Mr. Ponzi comes to Delray Beach
Two thousand investors poured more than $600 million into NRIA. A proposed Delray Beach development was among those used to raise money.
Small bombshells explode everywhere in hundreds of pages of court documents detailing the finances and fraud allegations against National Realty Investment Advisors and its principals.
Why should Florida care? While it’s not known how many Florida investors were among the 2,000 who poured more than $600 million into NRIA, the company used a proposed Delray Beach project to raise money flowing into the scheme, an apartment complex planned for Southeast First Avenue. It wasn’t the only Delray property NRIA was involved in, reporter John Pacenti wrote in The Coastal Star.
A federal grand jury, the New Jersey Bureau of Securities and the U.S. Securities and Exchange Commission all describe a Ponzi-like scheme, in which new investors in real estate projects were told they were reaping profits. In actuality, their profits were mostly money from newer investors — the hallmark of the fraudulent scheme Charles Ponzi made infamous in 1920.

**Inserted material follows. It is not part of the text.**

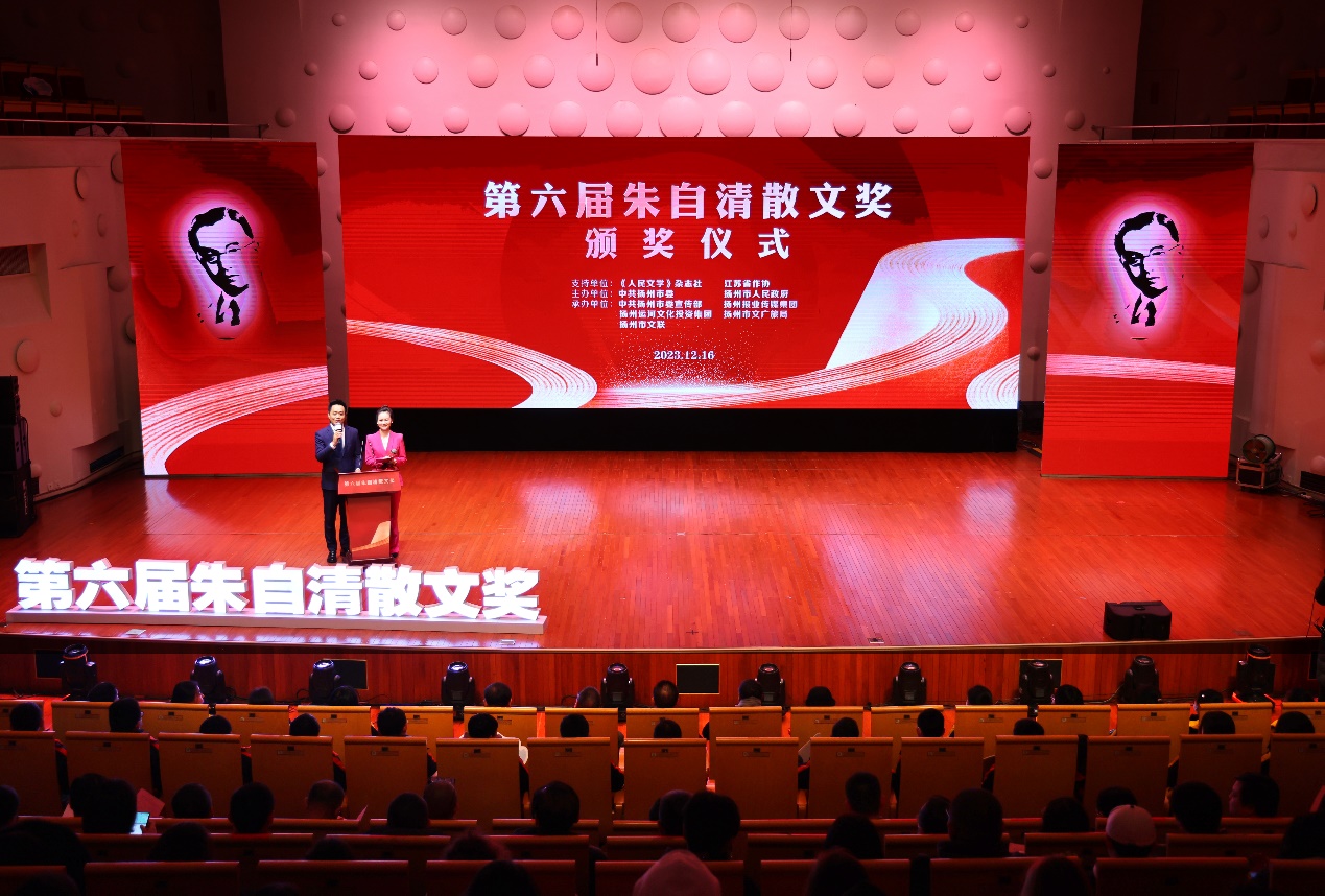 12月16日,第六屆“朱自清散文獎(jiǎng)”頒獎(jiǎng)儀式在揚(yáng)州市音樂(lè)廳舉行。本屆“朱自清散文獎(jiǎng)”由《人民文學(xué)》雜志社、江蘇省作協(xié)學(xué)術(shù)支持,中共揚(yáng)州市委、揚(yáng)州市人民政府主辦,中共揚(yáng)州市委宣傳部、揚(yáng)州報(bào)業(yè)傳媒集團(tuán)、揚(yáng)州運(yùn)河文化投資集團(tuán)、揚(yáng)州市文廣旅局、揚(yáng)州市文聯(lián)共同承辦。

A wife, an ex-wife and a romantic friend. New Jersey resident Thomas Nicholas Salzano is the man most often mentioned in the criminal allegations, and the only one whose past and present romantic liaisons are pulled into the picture. More than $1.2 million went to his wife, his ex-wife and a person with whom he had “a romantic” relationship, said the federal indictment. The SEC found the wife’s income was suspect in part because she received money from NRIA but did not work there: Her occupation was babysitter.
None of the three is charged with criminal or civil fraud.
Big spenders. Where else did the money go? Some money from new investors was given to previous investors as profits. But not all of it. The feds tracked investors’ cash to, among other things, luxury cars, antiques, jewelry, envelopes of cash and $91,000 spent at the Jersey shore, which may include $26,000 paid for a weeklong birthday party.
And, because the feds can be cruelly detailed when they want, the indictment also says some of the ill-gotten gains were spent on erectile dysfunction drugs.
Not the first fraud allegation rodeo. The Federal Trade Commission charged that Salzano helped orchestrate a nationwide telecommunications scheme between 2002 and 2004. The company promised to slash phone and internet bills to churches, municipalities and other groups. Instead, it left them in debt to collection agencies.
The FTC settled with the company for $50 million in 2006.
In 2013, Salzano pled guilty to five counts of theft by fraud in Louisiana in connection with the scheme.
A shadow CEO. According to the 18-count federal indictment, Ren Grabatto II, identified as the head of NRIA and its investment fund, was never in charge. Salzano pulled the strings. In order to hide Salzano’s past, NRIA spent hundreds of thousands of dollars to have an Indian firm scrub the web clean of his history; including fake social media posts and misleading websites. One such website stated the telecommunications company was a non-governmental operation established to raise awareness about melting glaciers and rising sea levels.
There’s more to come: NRIA’s assets are tied up in U.S. Bankruptcy Court, where it filed Chapter 11 last June. In federal court in New Jersey, Salzano has pleaded not guilty to all 18 criminal counts stemming from his role at NRIA.
Grabatto hasn’t been served with the SEC civil complaint. As of Jan. 31, he could not be found. The securities agency believes he is in the Philippines. It isn’t giving up. The SEC has hired a private investigation firm to scour the country for the executive.